I love bunko books. People take me for an avid reader, but I'm really not. I'm reading all the time, but it's not usually books per se. I harbour a lot of passive aggression towards the anglo-saxon publishing industry. Outside of fine art and architecture publishing, anglo-saxon publishers don't make the kind of books I want to read, either in their selection of writers or in their presentation of books as beautiful and desireable objects. The books are garrulous, familiar, chatty, a sort of printed television. The graphics, whether slick or sick, are flashy. Marketing is everything. What I tend to want from books is something quiet, wise, curious, otherworldly, intriguing and dignified. I love French, Italian, German and Japanese books, and I love old books. I want texts with a sombre and strange tone, something like Peter Handke's 'assaying' into tiredness or Tanizaki's essay 'In Praise of Shadows', which I just bought in Kyoto in a tiny, cheap bunko edition. I suppose I want books to have something dead about them. Perhaps I prefer my writers dead too, or at least morbid. But mainly I want books to be small, cheap, delicate, generic, portable, modest, understated, serious, collectible. I want books I can read on a train, or sitting cross-legged at home on tatami at my kotatsu table, my denki poto to hand, its combination of electronics and thermos vacuum keeping my green tea water bubbling.
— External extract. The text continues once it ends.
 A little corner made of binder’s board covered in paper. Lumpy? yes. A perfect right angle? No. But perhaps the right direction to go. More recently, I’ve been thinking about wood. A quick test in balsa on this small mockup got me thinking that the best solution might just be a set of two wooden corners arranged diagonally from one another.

I love classics and I love generics. When I first arrived in London and invented the Momus character I was buying a lot of Loeb Classics. Like French books, these come with a strict fixed format and a generic wrapper. They have a timeless dignity (which also happened, in the 80s, to tie in with the timely typographic classicism of Malcolm Garrett and Peter Saville). I wish I'd had the foresight and the balls to make every Momus album sleeve conform to a strict generic pattern; the same layout, the same typeface, like classical sheet music or the NRF. I suppose the people who've come closest to that are The Smiths and Belle and Sebastian.
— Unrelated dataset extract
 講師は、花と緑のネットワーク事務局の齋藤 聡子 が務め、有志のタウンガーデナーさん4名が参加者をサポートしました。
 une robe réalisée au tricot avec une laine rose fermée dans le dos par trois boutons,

I missed my best chance at generic sleeves when, making my first album for 4AD, I turned down Ivo's offer of a sleeve by 23 Envelope. It's one of the biggest regrets of my career. But things haven't turned out so badly in the end. Far from generic, Momus sleeves have been made by all sorts of people and used all sorts of styles. They've come from acclaimed names like Pierre et Gilles and Me Company ('Timelord' and 'Hippopotamomus'), they've bought into existing styles (the in-house designers of Smash Hits magazine and John Calder Books made several of my early sleeves -- an odd dialectic, but one which tells you a lot about early Momus), or they've helped launch the careers of new talents (Rafael Jiminez, now an established graphic designer in LA, made his first sleeve for 'Voyager', and 'Folktronic' and 'Oskar Tennis Champion' were the first CD jackets by the very talented 3D environments designer Florian Perret. The 2005 album will, rather surprisingly, be James Goggin's first published record sleeve too.)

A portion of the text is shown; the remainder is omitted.